76 Здесь имеются в виду отколовшиеся от школы Фрейда школы Юнга и Адлера.


Уважаемые господа! Предлагаю назвать подобного рода ряды дополнительными рядами (Ergдnzungsreihen) и предупреждаю вас, что у нас будет повод образовать и другие подобные ряды.

Упорство, с которым либидо держится за определенные направления и объекты, так сказать, прилипчивость либидо, кажется нам самостоятельным, индивидуально изменчивым, совершенно неизвестно от чего зависящим фактором, значение которого для этиологии неврозов мы, конечно, не будем больше недооценивать. Но нельзя и переоценивать глубину этой связи. Такая же «прилипчивость» либидо — по неизвестным причинам — встречается при многих условиях у нормального человека и считается определяющим фактором для лиц, которые в известном смысле противоположны страдающим неврозом, — для извращенных. Еще до психоанализа (Binet, 1888)77 было известно, что в анамнезе извращенных весьма часто встречается очень раннее впечатление ненормальной направленности влечения или выбора объекта, на котором либидо этого лица застряло на всю жизнь. Часто нельзя сказать, что сделало это впечатление способным оказать на либидо столь интенсивное притягательное действие. Я расскажу вам случай такого рода из собственного опыта наблюдений. Один мужчина, для которого гениталии и другие прелести женщины уже ничего не значили, который мог прийти в непреодолимое сексуальное возбуждение только от обутой ноги определенной формы, вспоминает одно переживание в шестилетнем возрасте, ставшее решающим для фиксации его либидо. Он сидел на скамеечке возле гувернантки, у которой брал уроки английского языка. У гувернантки, старой, сухой, некрасивой девы с водянистыми голубыми глазами и вздернутым носом, в тот день болела нога, и поэтому она вытянула ее, обутую в бархатную туфлю, на подушке; при этом верхняя часть ноги была закрыта самым скромным образом. Такая худая жилистая нога, которую он видел тогда у гувернантки, после робкой попытки нормальной половой деятельности в период половой зрелости стала его единственным сексуальным объектом, и он был неудержимо увлечен, если к этой ноге присоединялись еще и другие черты, напоминавшие тип гувернантки англичанки. Но вследствие этой фиксации своего либидо этот человек стал не невротиком, а извращенным, как мы говорим, фетишистом ноги.78 Итак, вы видите, хотя чрезмерная, к тому же еще и преждевременная фиксация либидо является непременной причиной неврозов, однако круг ее действия выходит далеко за область неврозов. Само по себе это условие является таким же мало решающим, как и ранее упомянутое условие вынужденного отказа.
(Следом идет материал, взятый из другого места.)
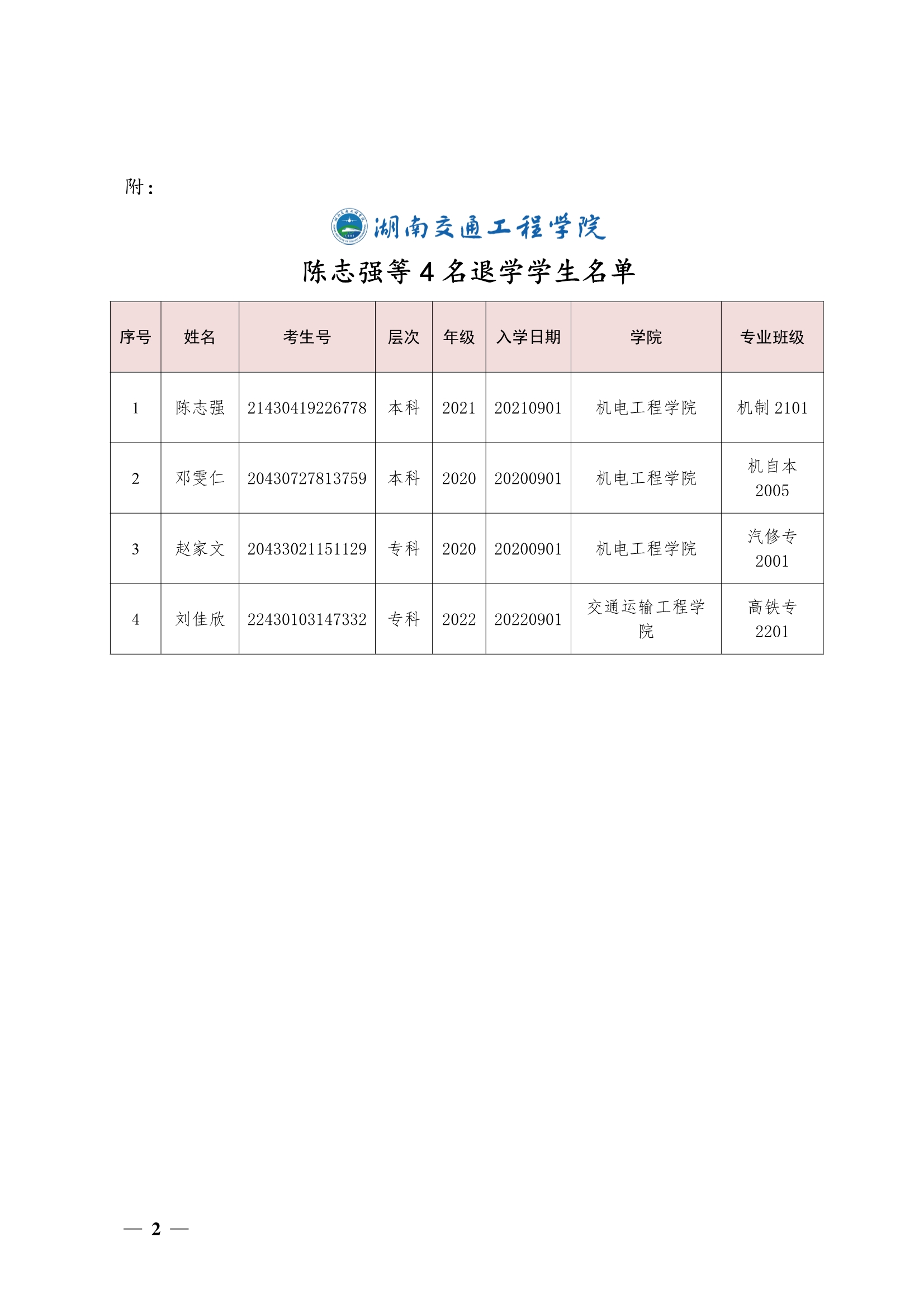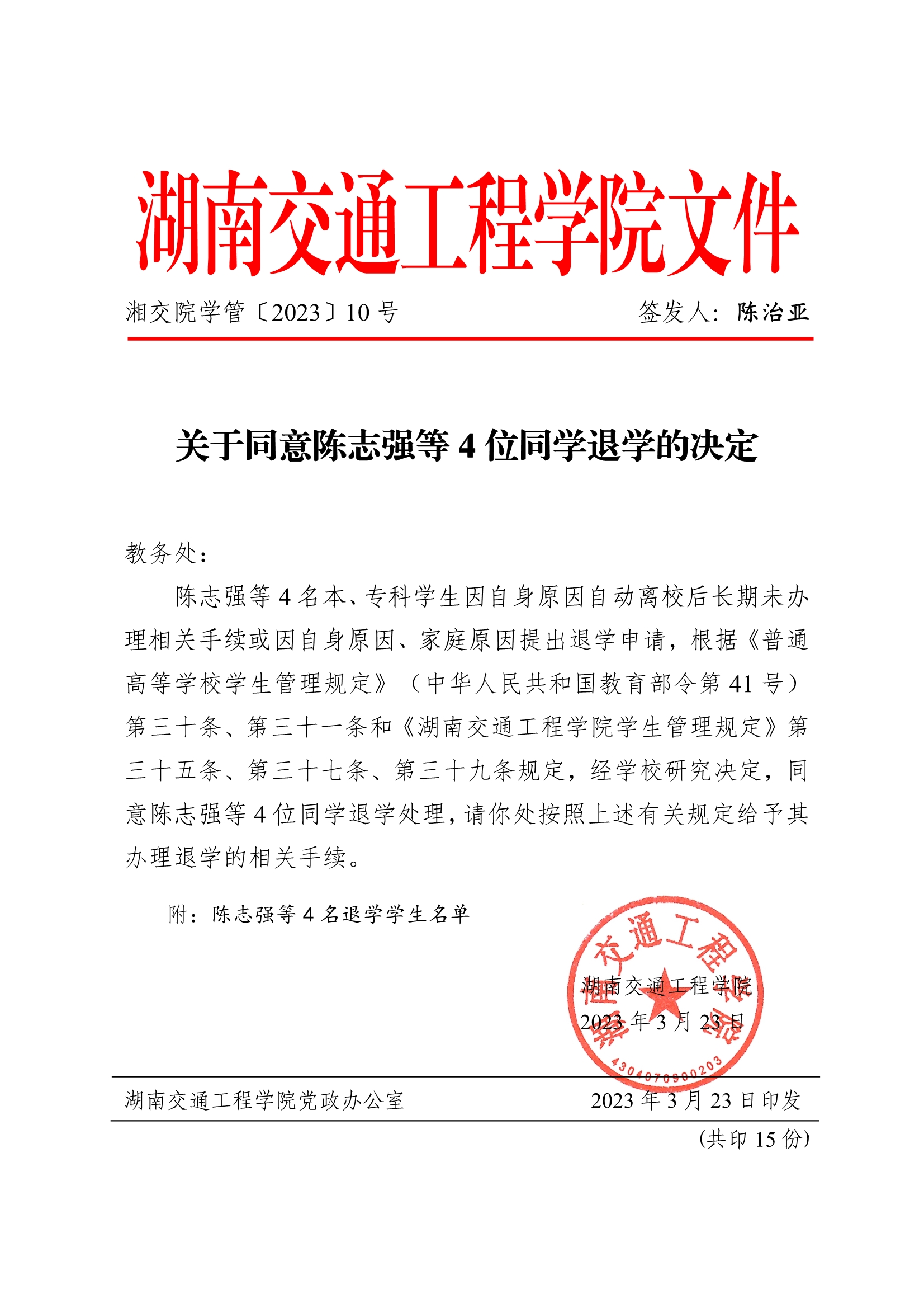 关于同意陈志强等4位同学退学的决定(湘交院学管〔2023〕10号)
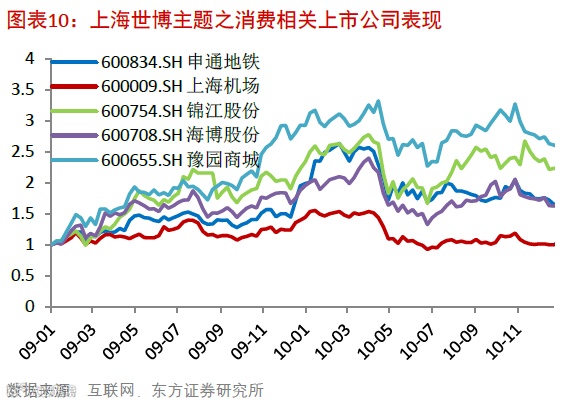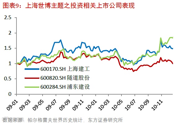上海世博会的主题投资也与此类似,在投资和消费两个方向带来主题性投资机会。在世博会的筹办阶段,经济影响主要表现在大规模的城市基础设施建设投资对经济的拉动作用,其中场馆建设,交通基建等行业的投资额度占的比重较大,具体受益行业有:基础设施、机器设备、建筑,房地产;在举办阶段,主要表现为迅速增长的旅游、会展和消费对经济的拉动,具体受益行业有:旅游、零售、食品、物流;在会后阶段,则主要表现在投资与消费需求的回落和场馆设施的后续利用对经济的影响。主要受益的上市公司包括上海建工、隧道股份、浦东建设、申通地铁,上海机场、锦江股份、海博股份、强生控股、豫园商城、新世界、上实发展等。
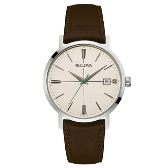 Orologio Bulova da uomo, cassa in acciaio inossidabile con un diametro di 39 mm e uno spessore di 8 mm. Il vetro è minerale. Il meccanismo è al quarzo con funzione di solo tempo. Il cinturino è in pelle marrone e fibbia con ardiglione. Water Resistant.

77 Бине Альфред (1857 1911) — французский психолог. Основатель первого во Франции психологического журнала и психологической лаборатории.

78 Ср. работу Фрейда «Фетишизм» (1927е).


Итак, проблема причин неврозов, по видимому, усложняется. В самом деле, психоаналитическое исследование знакомит нас с новым фактором, не принятым во внимание в нашем этиологическом ряду, который лучше всего наблюдать в тех случаях, когда хорошее самочувствие неожиданно нарушается невротическим заболеванием. У таких лиц всегда находятся признаки столкновения желаний, или, как мы привыкли говорить, психического конфликта. Часть личности отстаивает определенные желания, другая противится этому и отклоняет их. Без такого конфликта не бывает невроза. В этом, казалось бы, нет ничего особенного. Вы знаете, что наша душевная жизнь беспрерывно потрясается конфликтами, которые мы должны разрешать. Следовательно, для того чтобы такой конфликт стал патогенным, должны быть выполнены особые условия. Мы можем спросить, каковы эти условия, между какими душевными силами разыгрываются эти патогенные конфликты, какое отношение имеет конфликт к другим факторам, являющимся причиной болезни.

Надеюсь, я смогу дать вам исчерпывающий ответ на эти вопросы, хотя он и будет схематичным. Конфликт вызывается вынужденным отказом, когда лишенное удовлетворения либидо вынуждено искать другие объекты и пути. Условием конфликта является то, что эти другие пути и объекты вызывают недовольство части личности, так что накладывается вето, делающее сначала невозможным новый способ удовлетворения. Отсюда идет далее путь к образованию симптомов, который мы проследим позднее. Отвергнутые либидозные стремления оказываются в состоянии добиться цели окольными путями, хотя и уступая протесту в виде определенных искажений и смягчений. Обходные пути и есть пути образования симптомов, симптомы — новое и замещающее удовлетворение, ставшее необходимым благодаря факту вынужденного отказа.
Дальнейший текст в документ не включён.